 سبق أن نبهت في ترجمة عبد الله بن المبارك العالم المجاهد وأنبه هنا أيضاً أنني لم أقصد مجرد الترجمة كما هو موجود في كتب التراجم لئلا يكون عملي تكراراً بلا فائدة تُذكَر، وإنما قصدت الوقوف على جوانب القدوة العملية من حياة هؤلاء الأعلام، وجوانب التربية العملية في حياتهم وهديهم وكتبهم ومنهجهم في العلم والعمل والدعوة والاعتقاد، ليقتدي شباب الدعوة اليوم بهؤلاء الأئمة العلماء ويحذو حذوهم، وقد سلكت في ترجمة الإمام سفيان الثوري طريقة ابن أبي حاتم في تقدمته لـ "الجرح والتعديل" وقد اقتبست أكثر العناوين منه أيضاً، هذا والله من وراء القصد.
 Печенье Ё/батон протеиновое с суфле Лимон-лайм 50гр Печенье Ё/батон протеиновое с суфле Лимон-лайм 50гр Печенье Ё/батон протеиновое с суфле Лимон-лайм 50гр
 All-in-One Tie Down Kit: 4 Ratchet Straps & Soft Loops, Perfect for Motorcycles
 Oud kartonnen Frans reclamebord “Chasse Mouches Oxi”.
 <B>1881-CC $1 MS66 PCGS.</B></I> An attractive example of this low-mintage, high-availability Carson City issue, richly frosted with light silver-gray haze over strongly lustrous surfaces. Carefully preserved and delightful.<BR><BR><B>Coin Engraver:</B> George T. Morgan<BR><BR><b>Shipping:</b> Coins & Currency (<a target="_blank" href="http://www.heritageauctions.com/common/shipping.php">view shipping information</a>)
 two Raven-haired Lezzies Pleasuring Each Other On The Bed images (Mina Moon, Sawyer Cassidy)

■ ■ ■

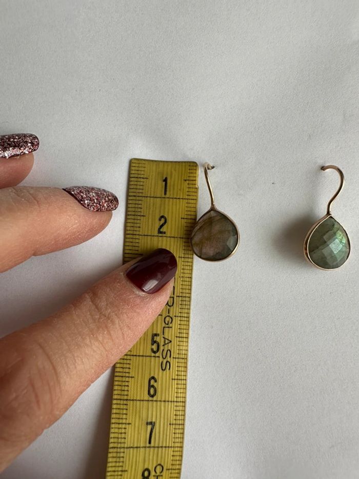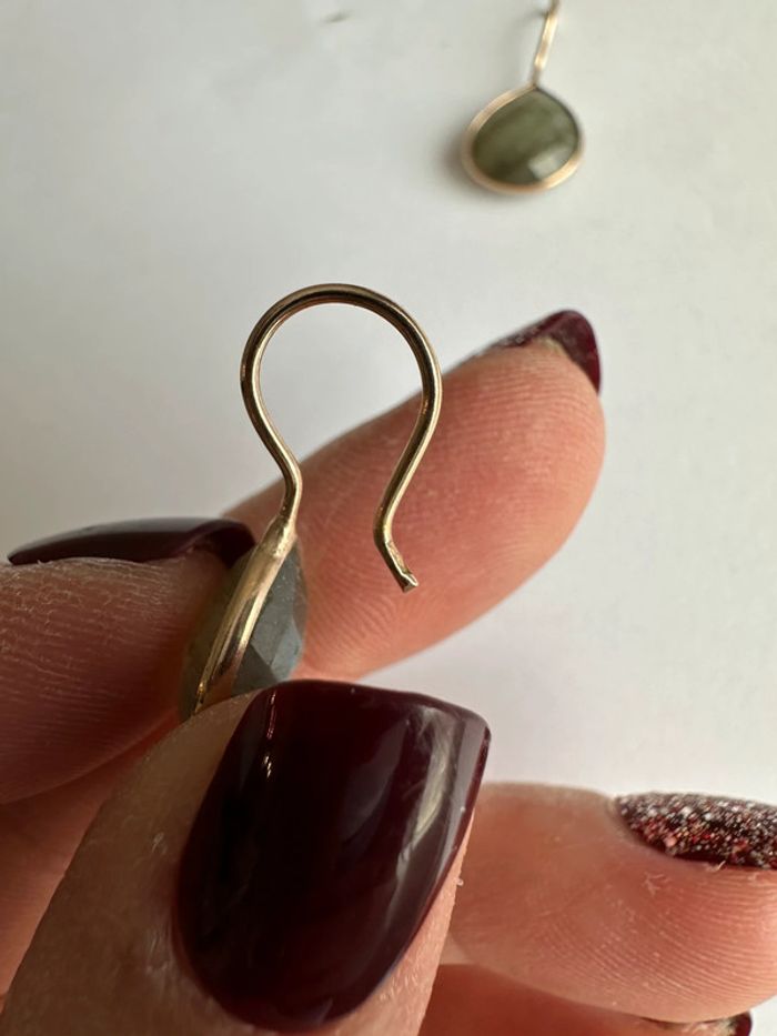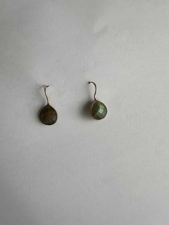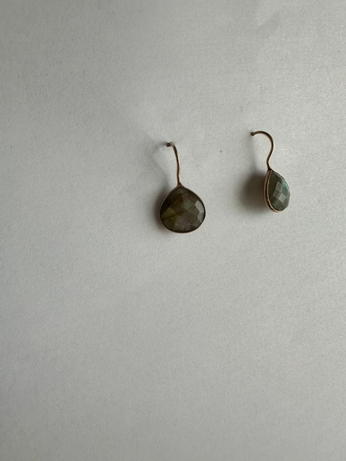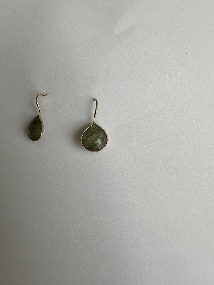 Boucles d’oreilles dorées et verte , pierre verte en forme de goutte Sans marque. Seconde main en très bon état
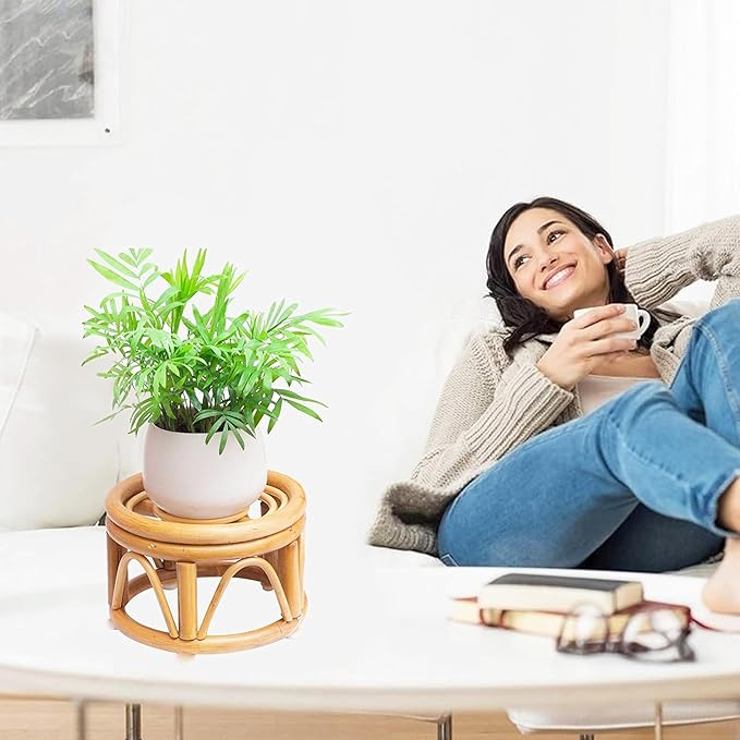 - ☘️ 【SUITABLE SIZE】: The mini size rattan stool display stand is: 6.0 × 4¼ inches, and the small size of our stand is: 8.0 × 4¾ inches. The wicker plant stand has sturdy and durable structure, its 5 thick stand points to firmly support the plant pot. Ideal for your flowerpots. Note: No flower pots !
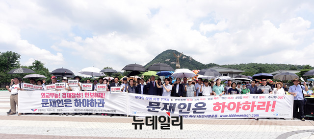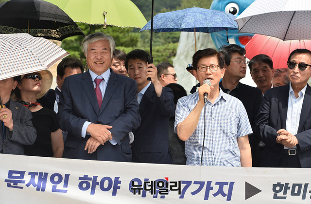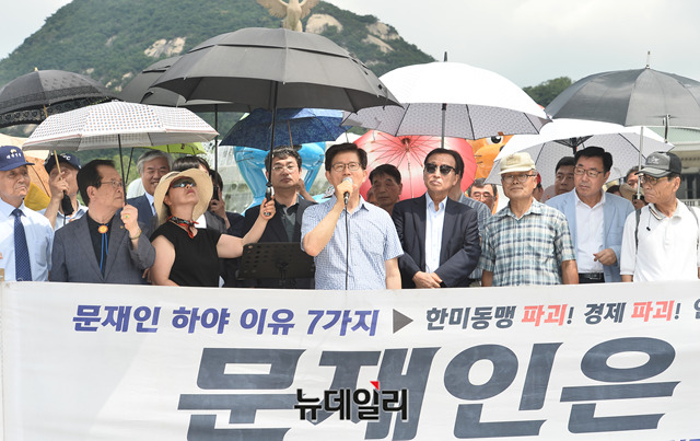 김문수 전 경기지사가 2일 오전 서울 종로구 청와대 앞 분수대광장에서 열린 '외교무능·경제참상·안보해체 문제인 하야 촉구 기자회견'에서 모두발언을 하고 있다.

■ ■ ■

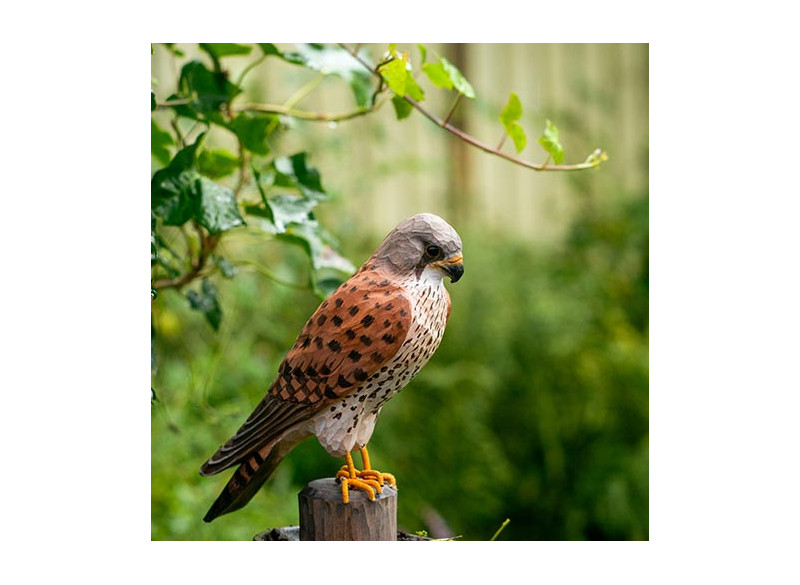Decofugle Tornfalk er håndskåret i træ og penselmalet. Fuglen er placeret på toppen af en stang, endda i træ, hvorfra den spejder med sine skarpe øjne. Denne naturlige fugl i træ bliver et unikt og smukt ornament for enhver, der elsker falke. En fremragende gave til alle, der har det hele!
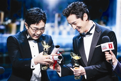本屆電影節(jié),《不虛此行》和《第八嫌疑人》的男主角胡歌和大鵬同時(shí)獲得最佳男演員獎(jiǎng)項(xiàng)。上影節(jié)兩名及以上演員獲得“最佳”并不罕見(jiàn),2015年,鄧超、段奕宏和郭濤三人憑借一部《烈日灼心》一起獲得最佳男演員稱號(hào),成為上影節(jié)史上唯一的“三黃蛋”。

■ ■ ■

• Work item: Of the entries listed above, reproduce only the lines starting at the line containing "سبق أن نبهت" and ending at the line containing "two Raven-haired Lezzies". Include both, exactly as they stand.

• Task response:
 سبق أن نبهت في ترجمة عبد الله بن المبارك العالم المجاهد وأنبه هنا أيضاً أنني لم أقصد مجرد الترجمة كما هو موجود في كتب التراجم لئلا يكون عملي تكراراً بلا فائدة تُذكَر، وإنما قصدت الوقوف على جوانب القدوة العملية من حياة هؤلاء الأعلام، وجوانب التربية العملية في حياتهم وهديهم وكتبهم ومنهجهم في العلم والعمل والدعوة والاعتقاد، ليقتدي شباب الدعوة اليوم بهؤلاء الأئمة العلماء ويحذو حذوهم، وقد سلكت في ترجمة الإمام سفيان الثوري طريقة ابن أبي حاتم في تقدمته لـ "الجرح والتعديل" وقد اقتبست أكثر العناوين منه أيضاً، هذا والله من وراء القصد.
 Печенье Ё/батон протеиновое с суфле Лимон-лайм 50гр Печенье Ё/батон протеиновое с суфле Лимон-лайм 50гр Печенье Ё/батон протеиновое с суфле Лимон-лайм 50гр
 All-in-One Tie Down Kit: 4 Ratchet Straps & Soft Loops, Perfect for Motorcycles
 Oud kartonnen Frans reclamebord “Chasse Mouches Oxi”.
 <B>1881-CC $1 MS66 PCGS.</B></I> An attractive example of this low-mintage, high-availability Carson City issue, richly frosted with light silver-gray haze over strongly lustrous surfaces. Carefully preserved and delightful.<BR><BR><B>Coin Engraver:</B> George T. Morgan<BR><BR><b>Shipping:</b> Coins & Currency (<a target="_blank" href="http://www.heritageauctions.com/common/shipping.php">view shipping information</a>)
 two Raven-haired Lezzies Pleasuring Each Other On The Bed images (Mina Moon, Sawyer Cassidy)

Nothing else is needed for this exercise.